Massive cancellations

Let $a_n$ be an increasing sequence of positive integers which grows really fast, say $a_{n+1} > \exp(a_n)$. Take $A = \{10^{-1}, \sum 10^{-a_n}\}$. Then $d_A(a_n) \leq 2\cdot 10^{- a_{n+1}} \leq 2\cdot 10^{-\exp a_n}$, so $A$ cannot be tame.

EDIT. One could replace $1/10$ by some transcendental $0<x<1$ such that $\sum x^{-a_n}$ is transcendental as well. This gives an example of a non-tame $A$ consisting of transcendental elements.

Here's an argument that for $A$ a finite set of algebraic numbers, $d_A(n)$ decays at most exponentially.

Suppose $A$ is contained in some number field $K$. For $x\in K^\times$, there's a product formula $$ \prod_v |x|_v=1, $$ where $v$ runs over the valuations on $K$ and $|\cdot|_v$ is a suitably normalized absolute value. In order for some absolute value to be small, the product of the others must be large.

For fixed $A$, there is a finite set of places $P$ of $K$ such that $|x|_v\leq 1$ for all $x\in S_A(n)$ whenever $v\not\in P$ ($P$ consists of all the Archimedean places, and the non-Archimedean places dividing denominators of elements of $A$). It's not hard to see that for fixed $v$, $\max \{|x|_v:x\in S_A(n)\}$ grows at most exponentially in $n$.

In our case, $K$ is embedded in the real numbers. Let $v_0$ be the valuation coming from this embedding. Since the number of $v$ for which $|x|_v>1$ is bounded, we have \begin{gather} d_A(n)=\min \big\{|x|_{v_0}:x\in S_A(n)\backslash\{0\}\big\}=\min\left\{\prod_{v\neq v_0}|x|_v^{-1}\right\} \geq\min\left\{\prod_{v\in P\backslash\{v_0\}} |x|_v^{-1}\right\}. \end{gather} The right hand side decays at most exponentially, so the left hand side does too.

You can do this without much number theory. View your field as a finite-dimensional vector space over $\mathbb Q$. Then every element acts linearly on the field, so it acts as some matrix with rational entries. The actual element you want to bound is an eigenvalue of this matrix.

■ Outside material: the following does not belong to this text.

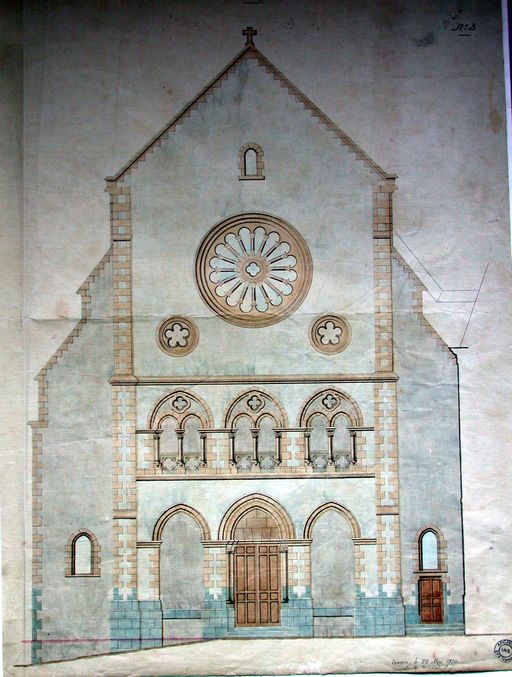 Elévation de la façade de l'église par le révérend père Tournesac, 1870. Fonds Saint-François-Xavier. AM Vannes.Immatriculation

We can lower bound it by lower bounding the determinant and upper bounding the other eigenvalues. Observe:

The entries grow at most exponentially, so the other eigenvalues grow at most exponentially. Because the number field is a field, the element is invertible, so the determinant is nonzero. The denominators of the entries grow at most exponentially, so the denominator of the determinant grows at most exponentially.

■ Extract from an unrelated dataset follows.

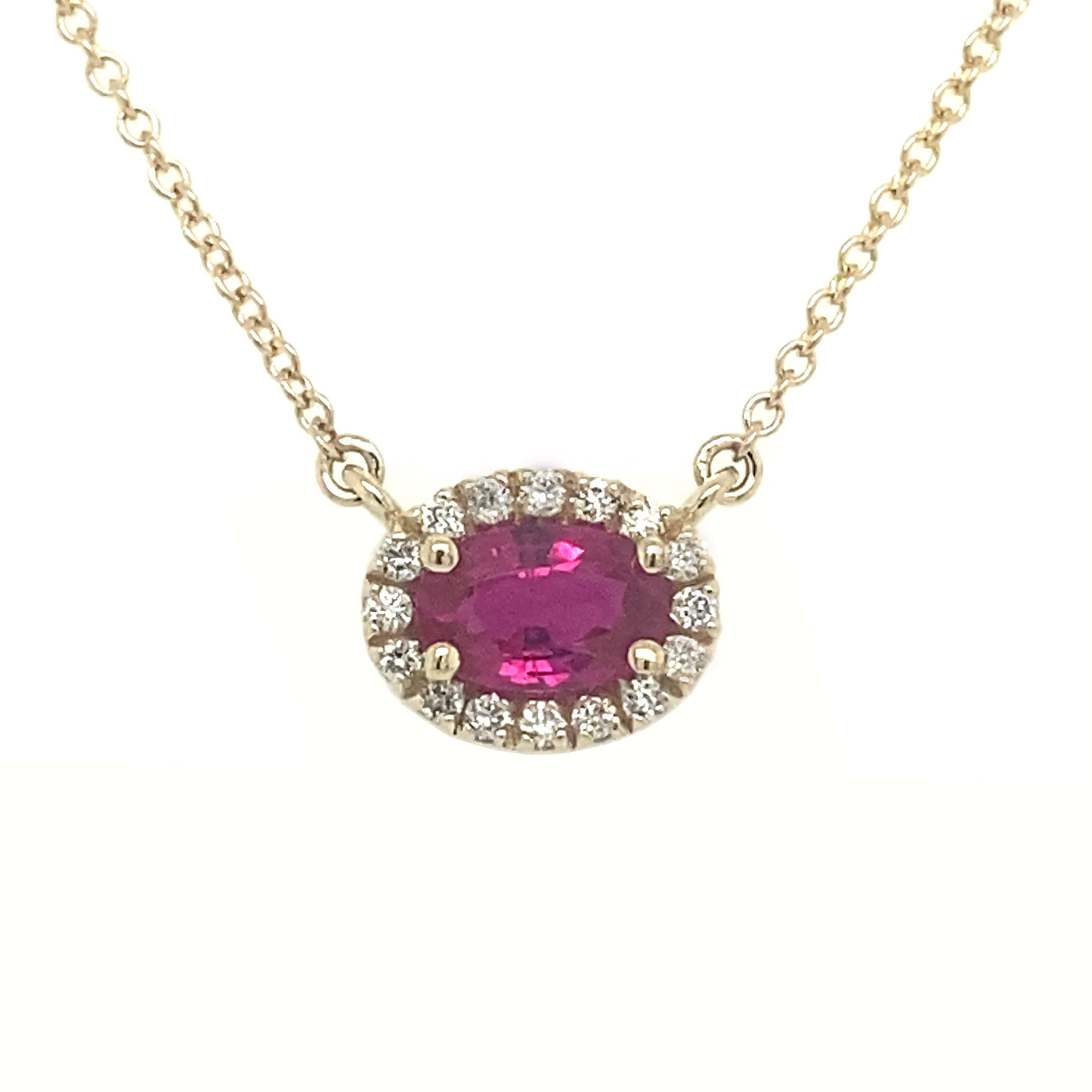 14kt Yellow Gold Halo Oval Ruby and Diamond Pendant

Then you get a lower bound on one eigenvalue by division and the fact that the numerator of the determinant must be at least $1$.

This is connected to the valuations proof as follows: the valuations at $\infty$ are just the absolute value of the eigenvalues, and the others are related to the powers of different primes dividing (denominators of ) entries of the matrix.